Specializes in Oncology.
I was prescribed Duexis once by my doc. The pharmacist told me before he filled it hat it was going to be $512 for 30 pills because it was a new drug and insurance wouldn't cover it. You know what it is? 800 mg of ibuprofen and 26 mg famotidine. So I just started taking that combo together. I did tell my doc how much it was and he was horrified!

And that 26mg is key, because there's no way the 20mg of famotidone you could buy OTC would be in any way similar.

In other words your facility is able to write off these things because you are subsidized by the tax payers. Your not writing off anything because you also received better reimbursement through medicare and medicaid.

Of course I do, but that's not what this thread was about.

FWIW, the facility I work for is an FQHC, so we regularly "write off" medications and give them to patients for free. And because most of our patients are destitute and a $5 prescription copay means not eating, we're pretty savvy about medication work-arounds. So you're barking up the wrong tree.

And that 26mg is key, because there's no way the 20mg of famotidone you could buy OTC would be in any way similar.
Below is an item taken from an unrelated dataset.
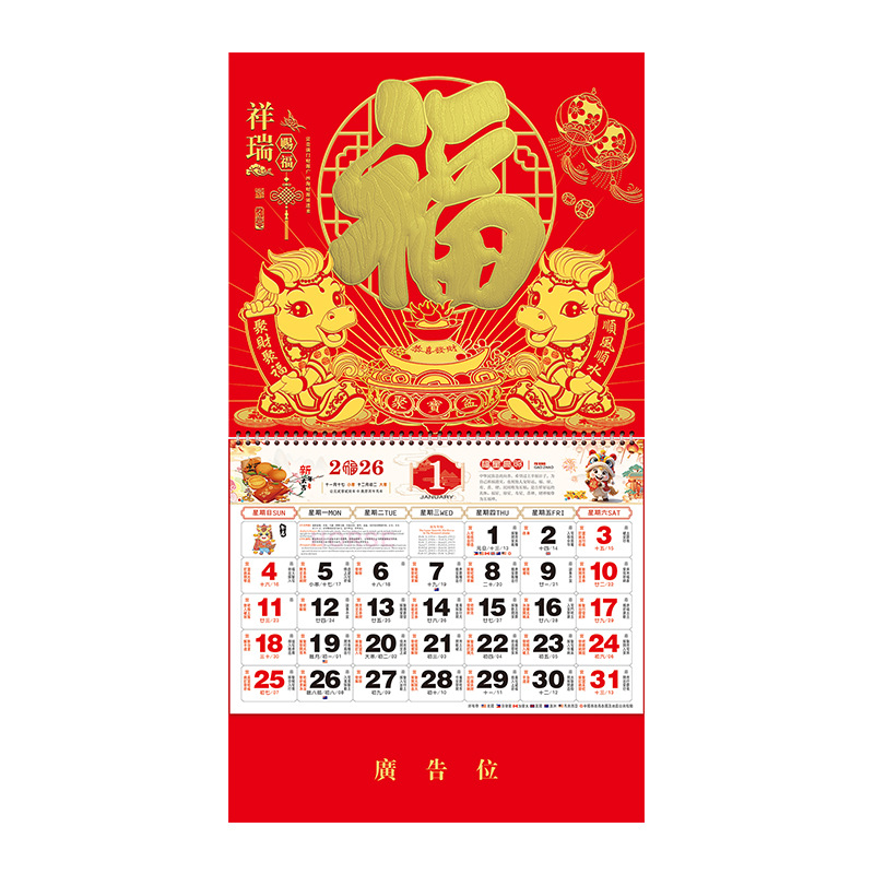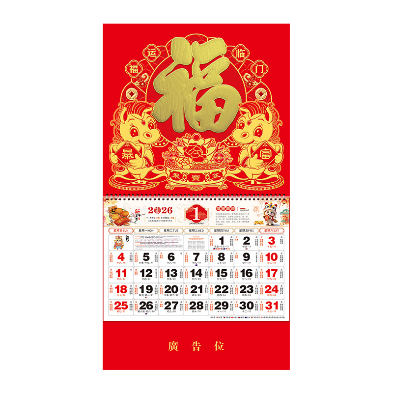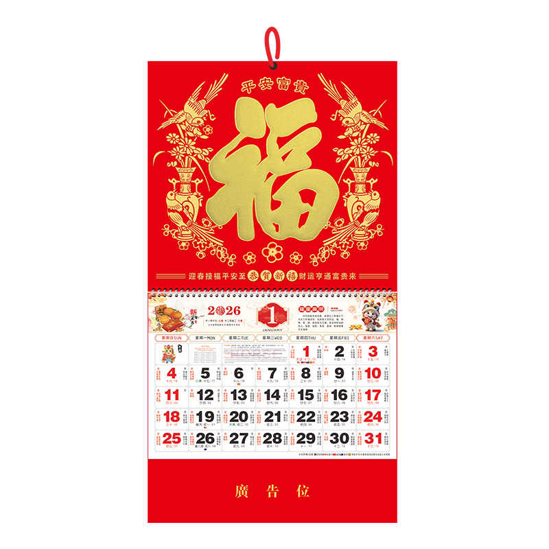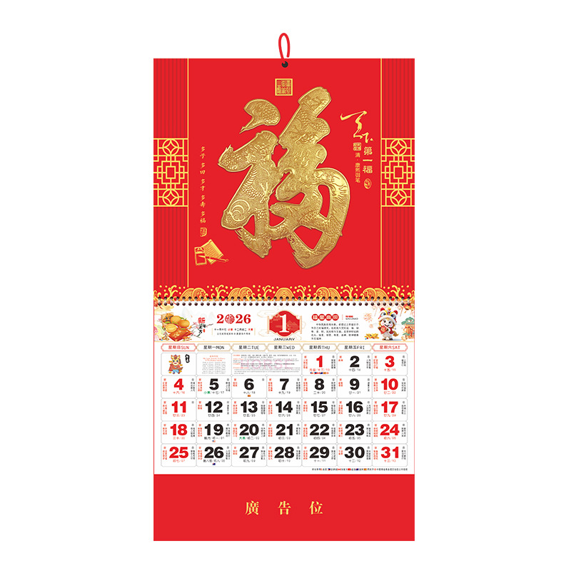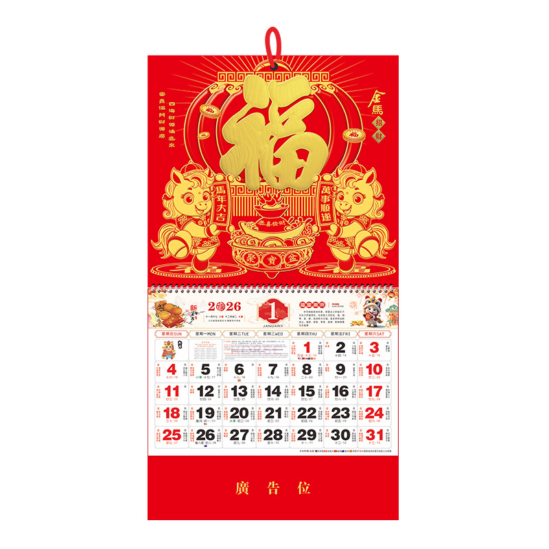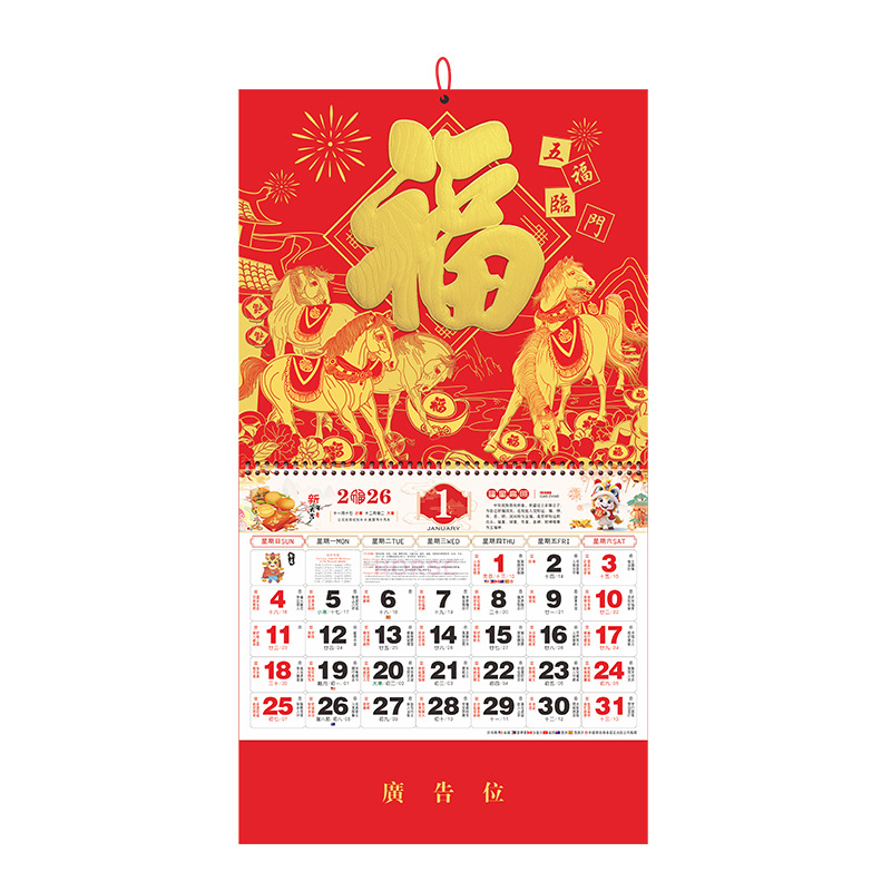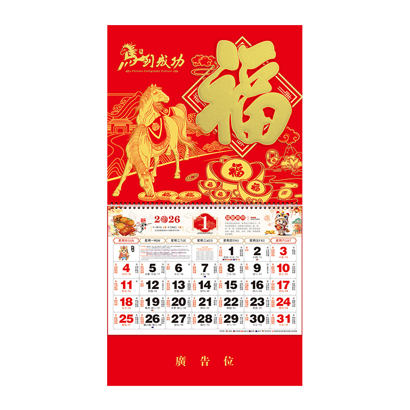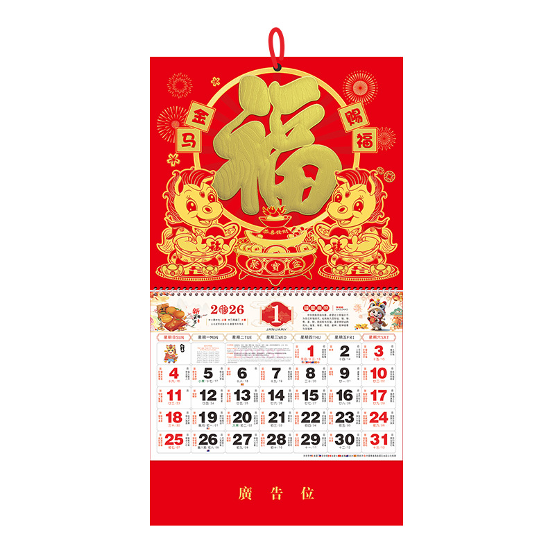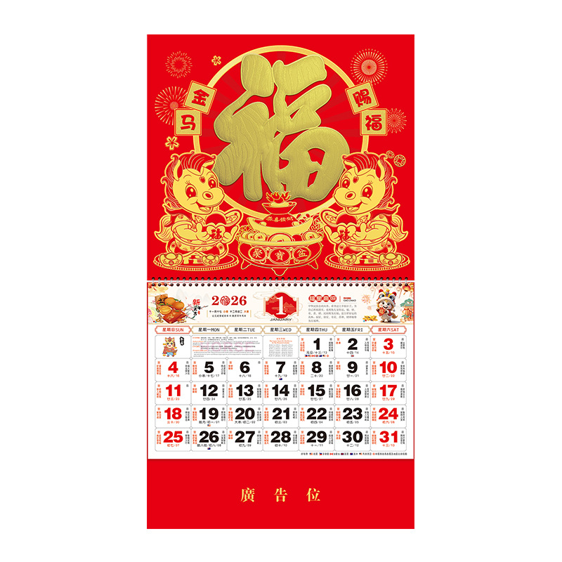 2026马年挂历 正六开金箔福字吊牌挂历专版广告烫金logo月历液压

Well, it would be similar in the sense that there's not a huge difference between 20 mg and 26 mg ... Do you think that the extra 6 mg is going to be the difference between the medication helping and not helping? Maybe 20 mg isn't the optimal dosage, but it's pretty close and, frankly, for >$500 for a month's supply, I'd take 20 mg or 30 mg (tablet plus half a tablet) daily of the generic formulation. Maybe I'm just being paranoid, but I firmly believe that one of the reasons the pharmaceutical companies come up with weird dosages like 26 mg tablets when the generic formulations are widely available in 20 mg tablets is just to justify charging $500 for a month's supply of the combination tablets.